Critical Minerals M&A Is Heating Up Again, and That Could Matter More for Juniors Like NREDF Than People Think
The latest Northern Miner coverage on the critical minerals boom pointed out something important: mining dealmaking is accelerating again as major producers scramble to secure future supply.
And honestly, this is exactly what you would expect to happen in a market where copper demand projections keep exploding.
The math is becoming difficult to ignore.
Global copper demand is projected to rise from roughly 28 million tonnes today to around 42 million tonnes by 2040. That is a 14 million tonne increase in less than two decades.
Meanwhile, large new copper mines can take 15-20+ years to discover, permit, finance, and build.
So majors are facing a problem - they need future inventory now.
That is why the sector is seeing more acquisitions, more strategic investments, and more district-scale consolidation across critical minerals.
This is where early-stage exploration stories like NovаRed Mining (OTCQB: NREDF) become interesting.
NovаRed is still early-stage, but the Wilmac Copper-Gold Project already checks several boxes the market increasingly cares about:
- 16,078 hectares in British Columbia
- 160 square kilometers
- 39,732 acres
- Located in the Quesnel porphyry belt Approximately 10 km west of Hudbay’s Copper Mountain Mine
And the recent exploration updates have started building a much more serious geological narrative:
- copper-in-soil values up to 379 ppm at North Lamont
- multiple interpreted intrusive centers
- porphyry-style signatures
- deeper conductive structures from geophysics
- IP/AMT work underway in 2026
That matters because majors rarely wait until the very end of the discovery cycle anymore.

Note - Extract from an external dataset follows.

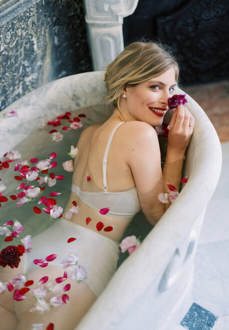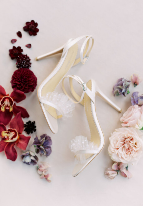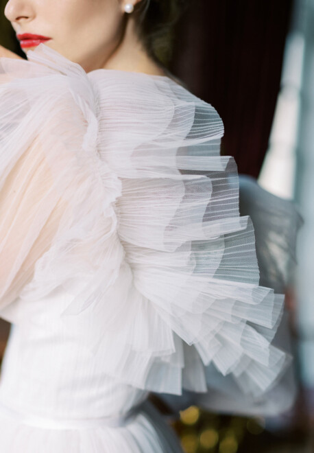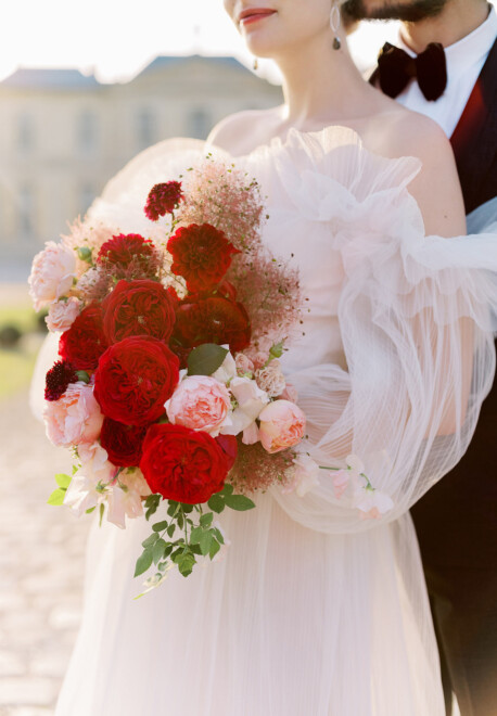 An admirer of lingerie, Mègane wore a 1950s-style Rara Avis tulle-plisse robe and lingerie set as she got ready. Romantic doesn’t even begin to describe Mègane’s tulle-plisse gown by Alon Livne. The dress features ruffled details, oversized sleeves with button cuffs, and lots of flowing fabric. “The dress captured my heart,” Mègane says. She paired it with ruffled shoes Bella Belle and family jewelry. Mègane describes her garden rose and peony bouquet as “rich and noble.”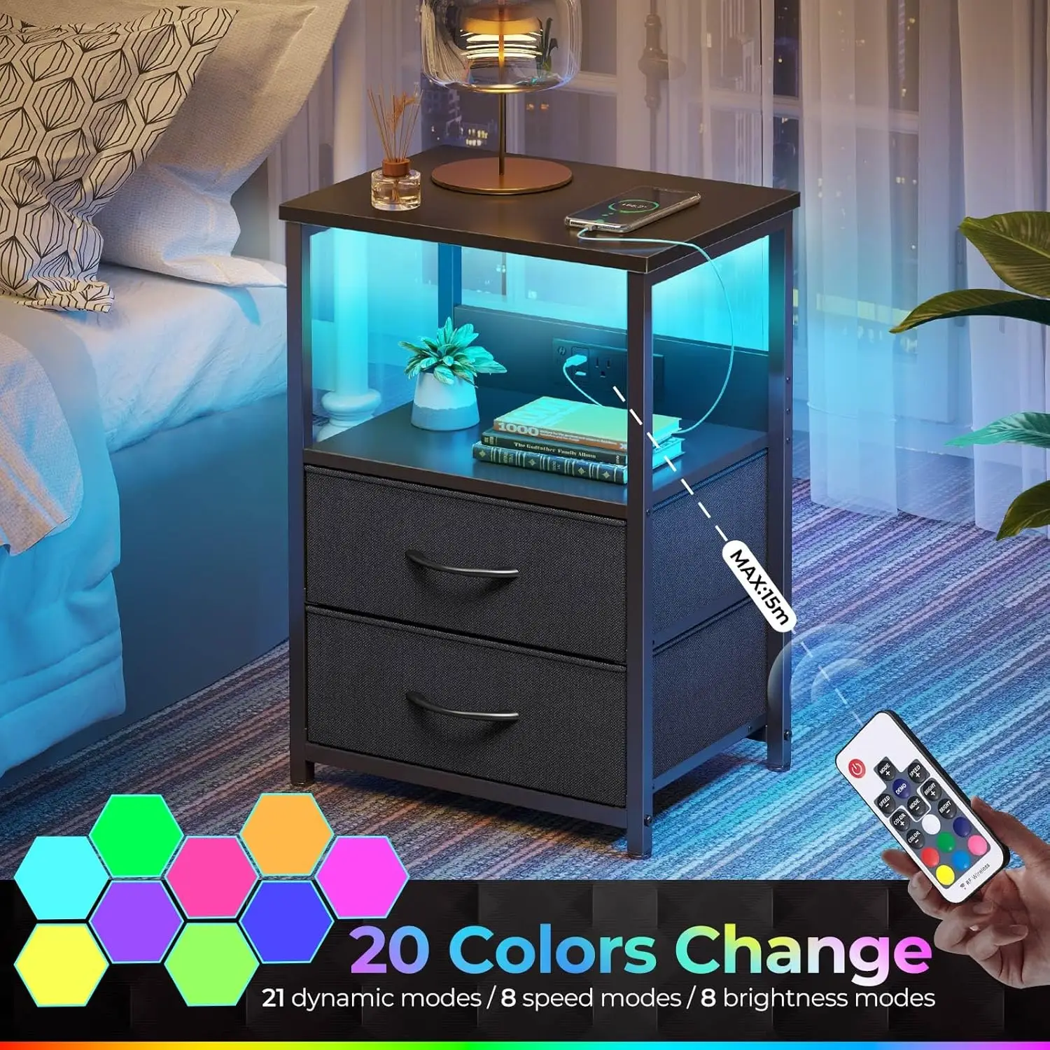 Nightstand with Charging Station, Bedside Table with LED Lights, Night Stand with 2 Fabric Drawers, 3-Tier Storage End Table for Bedroom, Black

The market often starts repricing projects much earlier once scale, structure, geophysics, and regional geology begin aligning.
Especially in copper.
Especially in stable jurisdictions.
Especially when AI, EVs, power grids, and data centers are all pulling on the same metal supply chain simultaneously.
NRЕD obviously is not a producer today.
But if the industry keeps consolidating future copper supply, projects sitting in known porphyry belts with growing datasets could attract much more attention than they used to.